Still no lock box key or pick up notice in my mailbox. No package at my door. I noticed a NewEgg box sitting at the door down the hallway. This door typically gets Amazon boxes. I checked the address label on the box—and it was my package. Correct apartment number on the package, but left at the wrong apartment door. Now I had to go through the trouble of returning the refund to NewEgg, as I was keeping the package now that I got it.

Stepping inside my apartment, I noticed a pickup notice stuck to the backside bottom of my door. When I first moved into my apartment, the door had a half-inch gap at the bottom for envelopes and insects to come through. The electric company had an energy efficiency campaign a year later that got the leasing office to install weather-stripping on all the apartment doors. Somehow the mail carrier shoved the pickup notice through the weather-stripping. I came to the conclusion that the mail carrier was new to the job, and filed a complaint with the postmaster general.
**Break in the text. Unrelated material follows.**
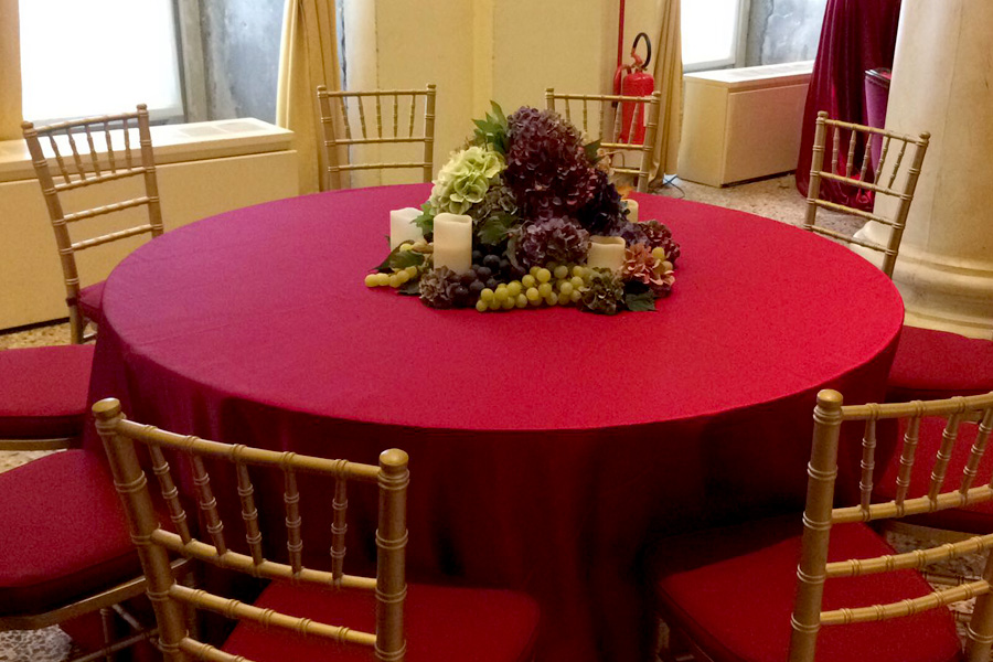 - raccolta e stoccaggio di tovagliati: tovaglie, tovaglioli, runner, coprisedie.

As for the file server, I put the new fans into the top mounts to blow hot air out. Five fans didn’t improve things by much. The hard drive at the very bottom of the case was consistently overheating to make the file server unresponsive. This hard drive was also seven-years-old and overdue for replacement, which was the last thing on my to-do list. I moved the fan from the second top mounting to the bottom mounting to blow in cooler air. The hard drive stopped overheating. The CPU temperature ticked up a few degrees from the new flow of hot air. Another fan from NewEgg for the second top mounting should do the trick.

Not sure if the new mail carrier got the memo on delivering packages.